On Fri, Mar 12, 2010 at 4:45 AM, Chris Staub <ch...@beaker67.com> wrote:
> On 03/12/2010 03:38 AM, stosss wrote:
>>
>> Defending a mistake in grammar IS ignorant. I am not being insulting I
>> am being factual. More than likely am being politically incorrect. But
>> then I don't care to be politically correct because that is complete
>> BS and part of the current problem with people in general. No one
>> wants to be responsible for their actions and everyone wants to blame
>> shift usually to some obscure thing so that no one is accused of
>> pointing the finger or held responsible for their actions.
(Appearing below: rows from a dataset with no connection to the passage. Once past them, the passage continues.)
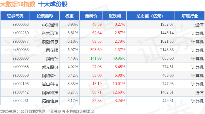 大数据50(399282)指数十大成份股详情如下: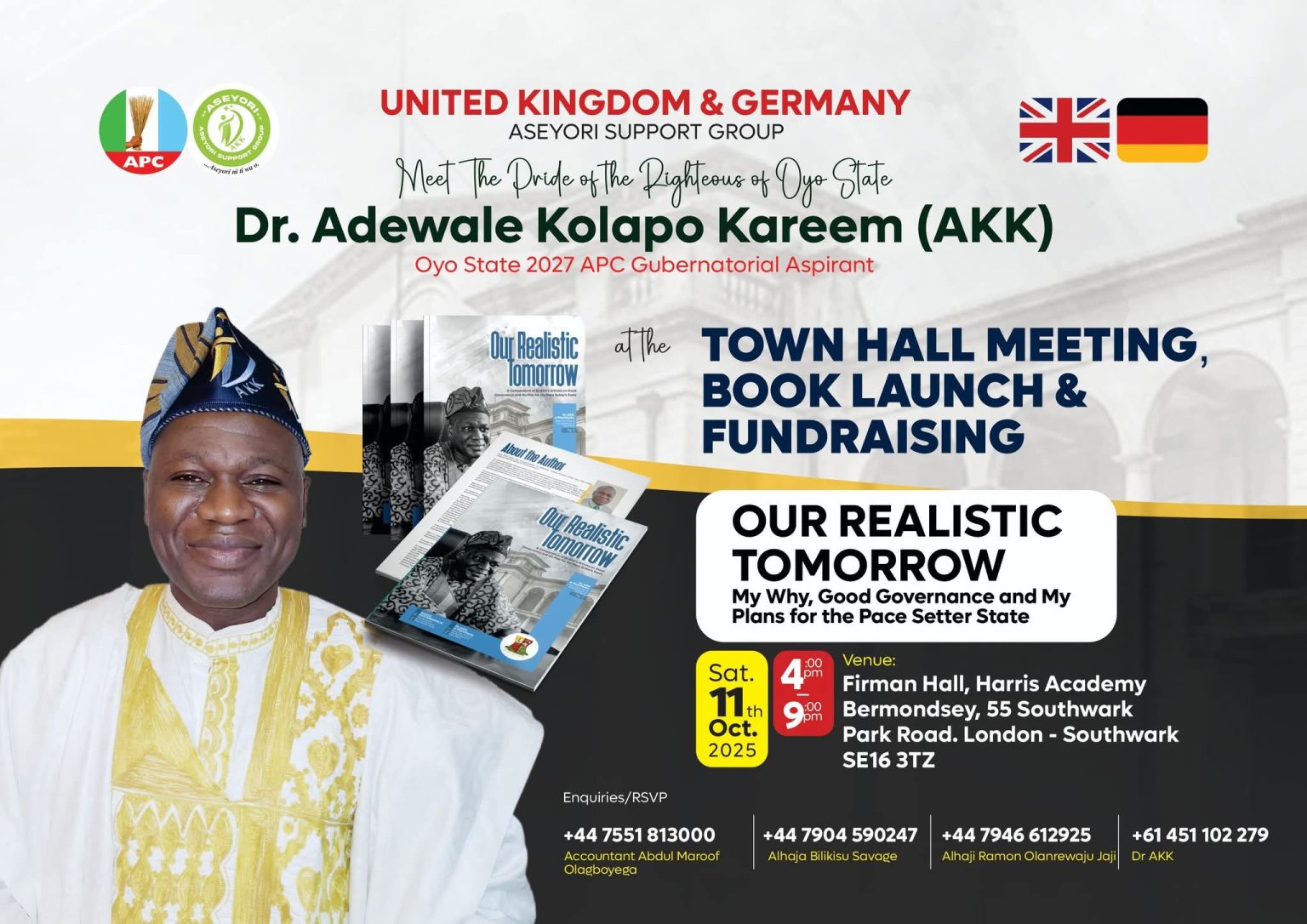 AKK United Kingdom/Germany Edition and New South Wales, Australia Town Hall Meeting, Book Launch and Fundraising Edition, Saturday 11th and 25th October, 2025 respectively.
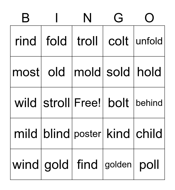 This bingo card has a free space and 27 words: kind, ghost, sold, find, most, troll, fold, mild, bolt, child, wild, colt, wind, gold, hold, host, old, mold, blind, rind, behind, golden, stroll, poll, poster, unfold and folding.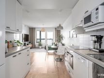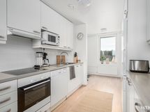 - Keittiön varustus: keraaminen liesi, astianpesukone, erillisuuni, liesituuletin, jääkaappi/pakastin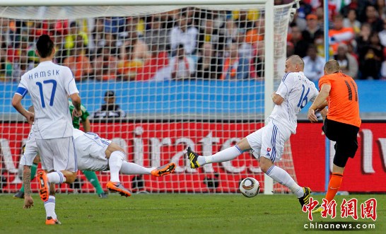 中新網(wǎng)6月28日電 今晚22:00,南非世界杯1/8決賽第五場比賽在德班球場拉開戰(zhàn)幕,由E組頭名荷蘭隊迎戰(zhàn)F2第二名斯洛伐克。憑借羅本和斯內(nèi)德在上下半場的進球,荷蘭隊以2-1淘汰斯洛伐克。補時階段,維泰克為斯洛伐克隊攻入一粒安慰性的點球。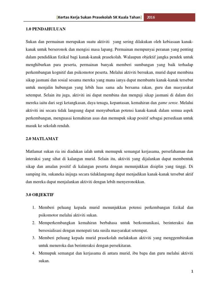 Kertas Kerja Sukan Pra 2016 Pdf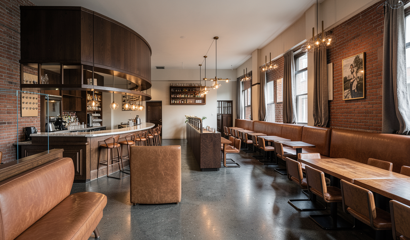 wood stairs steel pickets leather handrail wood floor and ceiling plaster walls plant on table green field landscape remove table in corner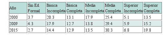 El acceso a la educación terciaria supone el cumplimiento o logro de distintas etapas previas en el proceso educativo. En ese contexto, resulta interesante constatar que entre la población mayor de 25 años alrededor del 30% pudo completar su enseñanza secundaria durante el año 2015, en tanto que alrededor del 20% hizo lo propio con estudios de educación superior. Es decir, uno de cada cinco individuos mayores de 25 años logró concluir los estudios en el nivel postsecundario en 2015, mientras que dicha relación era de 1 por cada 7 individuos en el año 2000 (Ver Cuadro 4).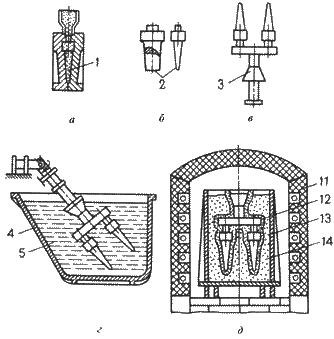 Формы изготавливают многократным погружением модельного блока 3 в специальную жидкую огнеупорную смесь 5, налитую в емкость 4 (Рис.6.2. г) с последующей обсыпкой кварцевым песком. Затем модельные блоки сушат на воздухе или в среде аммиака. Обычно наносят 3…5 слоев огнеупорного покрытия с последующей сушкой каждого слоя.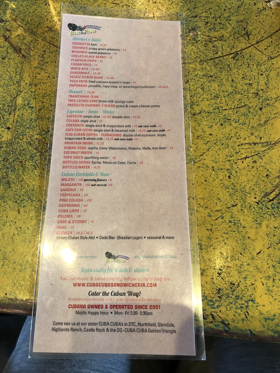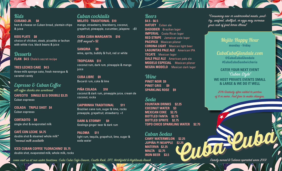 Step into Cuba Cuba Glendale, where vibrant Cuban flavors come alive in every dish. Whether you're here to enjoy a lively lunch or a relaxing dinner, the menu is a celebration of traditional Cuban dishes with a modern twist. From savory appetizers to mouthwatering entrées, each item is crafted with care and full of authentic, bold flavors. The Cuba Cuba Glendale Menu features a variety of options, from classic Cuban sandwiches to perfectly spiced meats and seafood, all complemented by fresh ingredients. With an inviting atmosphere, the menu offers something for everyone, making it the perfect spot to savor Cuban cuisine.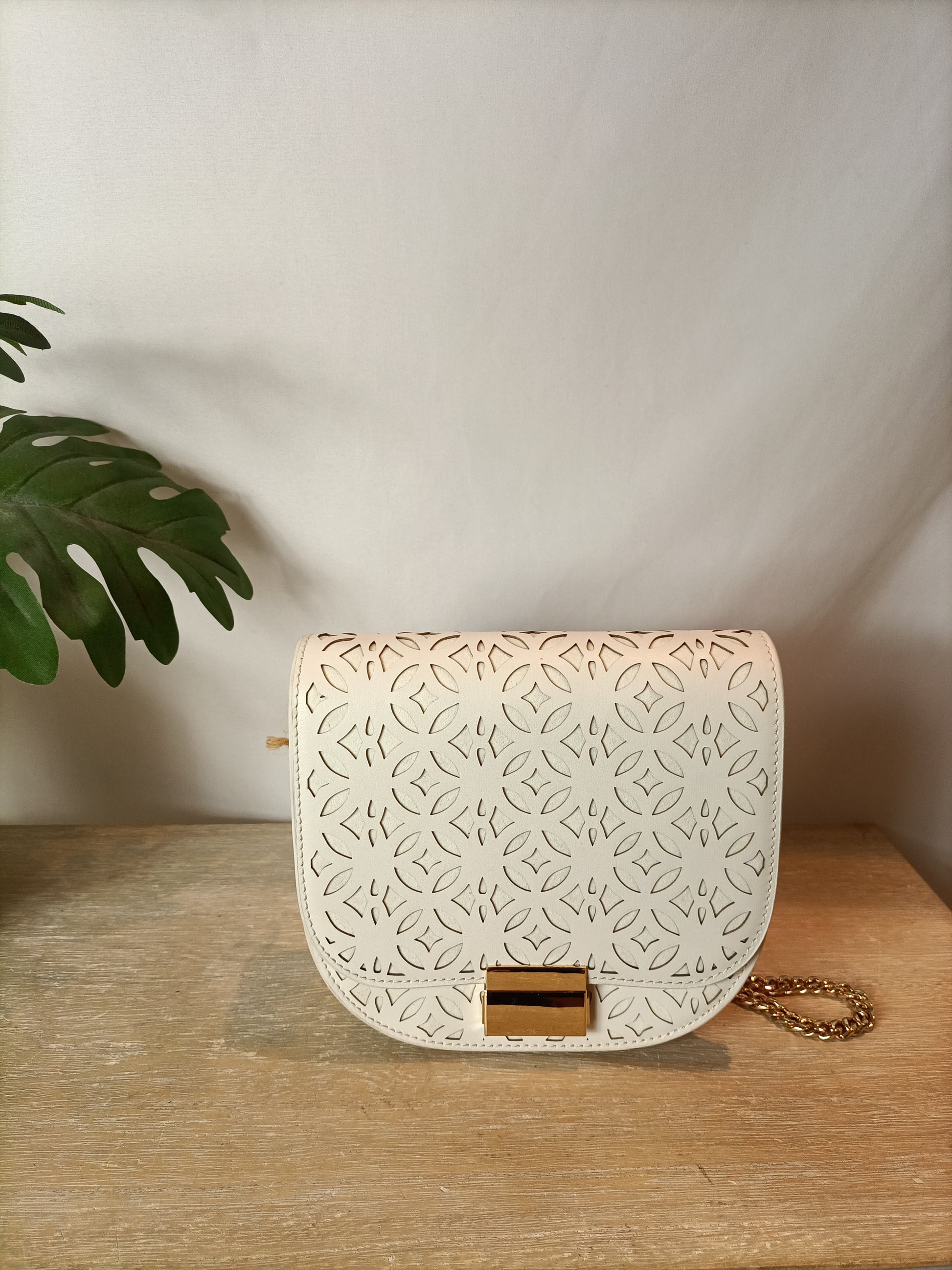 NUEVO SIN USO. Bolso blanco troquelado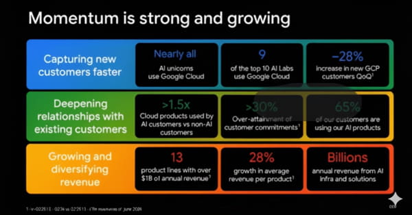 Thomas Kurian met en avant une dynamique forte : 9 des 10 plus grands laboratoires d'IA mondiaux utilisent Google Cloud, 65% des clients Google Cloud déploient déjà des solutions d'IA, et ces derniers adoptent en moyenne 1,5 fois plus de produits que les autres.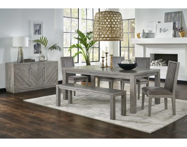 Rustic and contemporary style combine with acacia wood to create the Modus Furniture Alexandra Table. Planks of solid wood are hand-selected, sanded, and stained to feature the natural knots. Next, they are inlaid over plywood to create a handsome, geometric pattern. Gather your family around this impressive table for dinner time. LOC 2F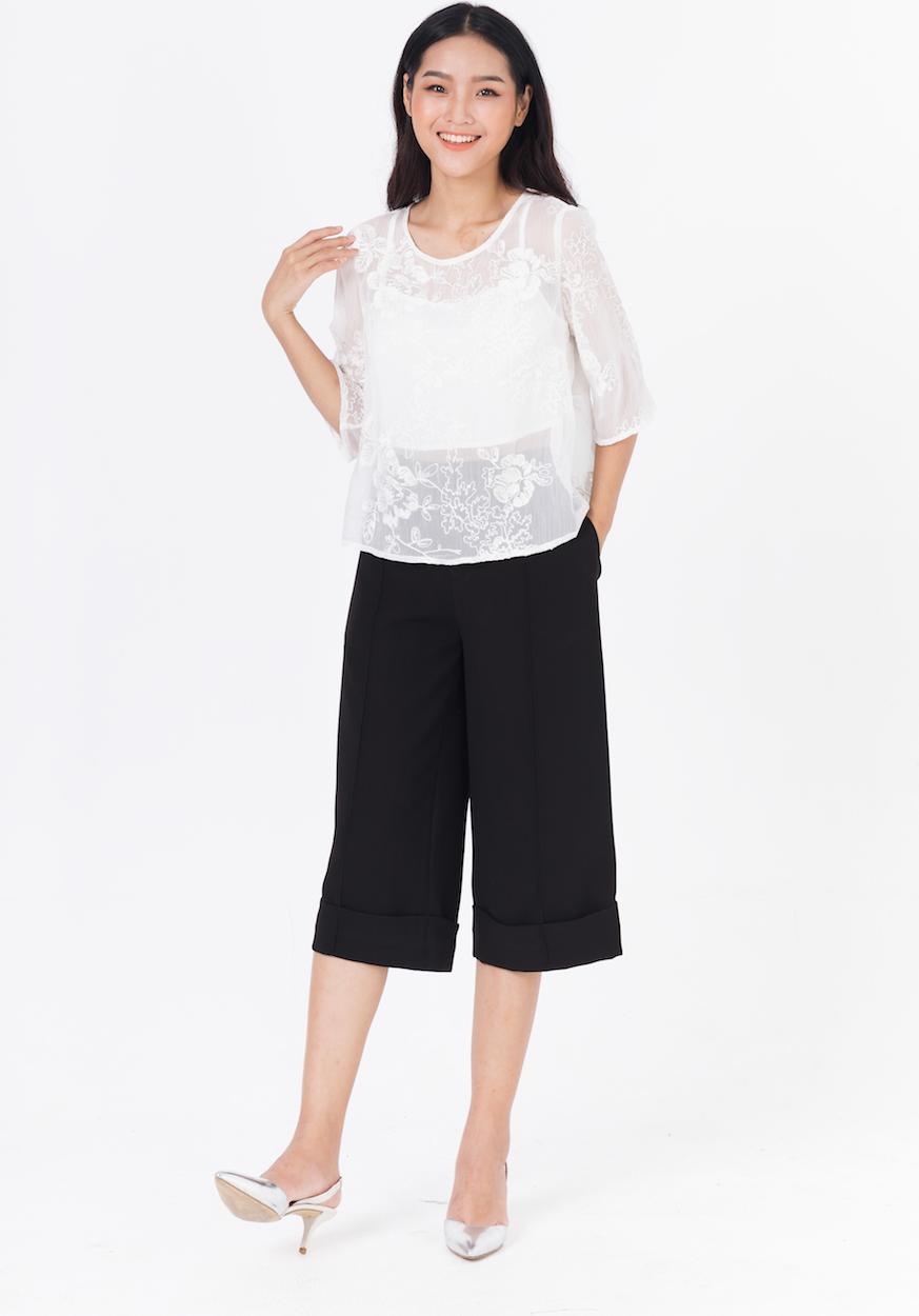 Áo croptop tay lửng vải tơ thêu tinh tế, thanh lịch, trẻ trung. Áo 2 lớp với áo lót trong rời, dáng croptop ngắn quyến rũ. Áo có thể phối với chân váy nữ tính, hoặc phối với quần tây, quần sóc hay quần cullote rộng trẻ trung

Under those
>> conditions its easy to be careless and sloppy and just plain bad at
>> whatever one does.
>
> If it really is a mistake, it should be fixed, However I am not seeing
> any, mainly because you are apparently assuming that the phrase "su
> command" can have only one meaning, when in fact it is common to say
> stuff like "I typed an ls command", where "command" refers to the entire
> command line. Exactly what is the problem with this definition of
> "command"? Is there an official computer/Unix/whatever dictionary that
> gives the narrow definition for "command" that you are using? If not, on
> what are you basing your arguments?

By the use of the word if you will of su since it is the command name,
but in the context you are presenting with it being part of a command
string then I will say you probably are correct. I say it that way
because I am not sure one way or the other. I was only trying to help
with my OP to get a mistake corrected. Using "a su" as Bruce did and
defended is wrong under any circumstance. "The su" can be right and I
suppose under some circumstances so can "an su". I also was only
trying to saying that if people would check facts instead of
projecting their opinions, which are often times wrong because they
don't know the facts. Threads that get as long as this one with the
stupid arguments would not happen. I am by no means an expert on
grammar, but I do know some of the rules about grammar. The a/an mess
runs rampant on the Internet. There are tens of thousands of people
that get it wrong all the time and they think they are right.

I think we have beaten this horse to death.

Just another little note. The group that officially has control of the
word UNIX requires that it always be in capital letters. The only time
they actually want it like you wrote it above is Unix-like.